Assignment. Leave out pictures; repeat exactly the lines from the "Für die große" line through the last of the data below.

Recorded information.
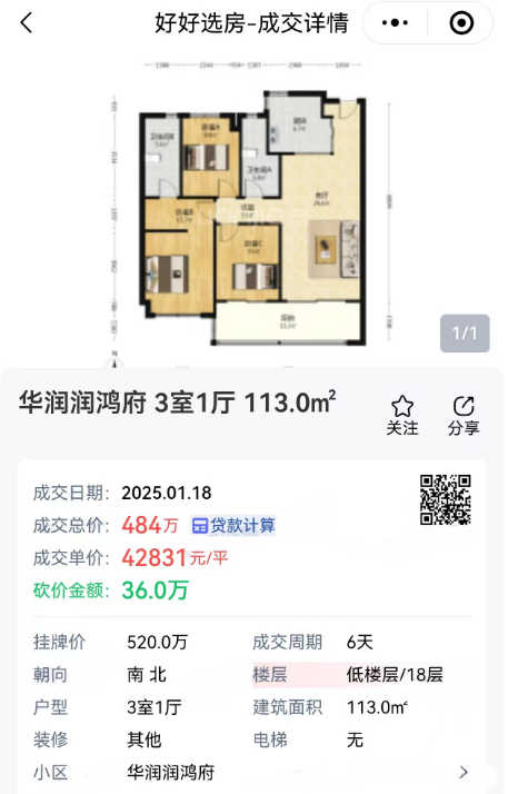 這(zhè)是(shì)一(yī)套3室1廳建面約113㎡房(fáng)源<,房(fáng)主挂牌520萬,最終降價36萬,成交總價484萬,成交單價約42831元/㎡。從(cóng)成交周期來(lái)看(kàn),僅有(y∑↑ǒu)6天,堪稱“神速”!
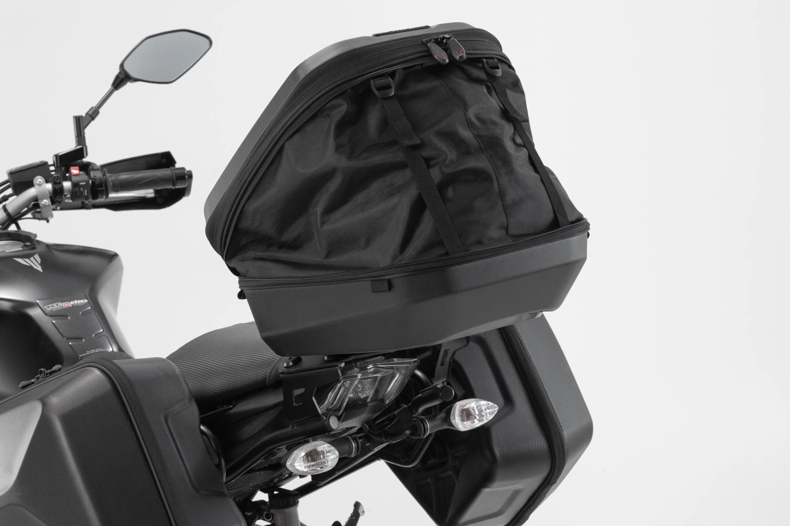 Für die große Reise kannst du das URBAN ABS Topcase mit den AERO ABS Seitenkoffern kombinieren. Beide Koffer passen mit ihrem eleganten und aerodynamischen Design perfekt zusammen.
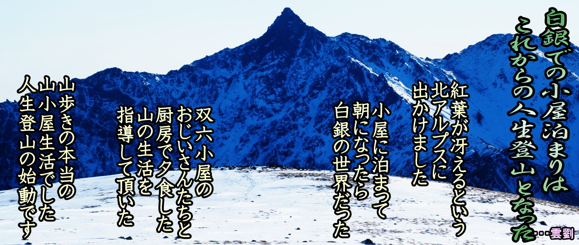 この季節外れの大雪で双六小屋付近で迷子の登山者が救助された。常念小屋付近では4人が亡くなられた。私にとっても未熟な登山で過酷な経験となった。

Result of this task.
 Für die große Reise kannst du das URBAN ABS Topcase mit den AERO ABS Seitenkoffern kombinieren. Beide Koffer passen mit ihrem eleganten und aerodynamischen Design perfekt zusammen.
 この季節外れの大雪で双六小屋付近で迷子の登山者が救助された。常念小屋付近では4人が亡くなられた。私にとっても未熟な登山で過酷な経験となった。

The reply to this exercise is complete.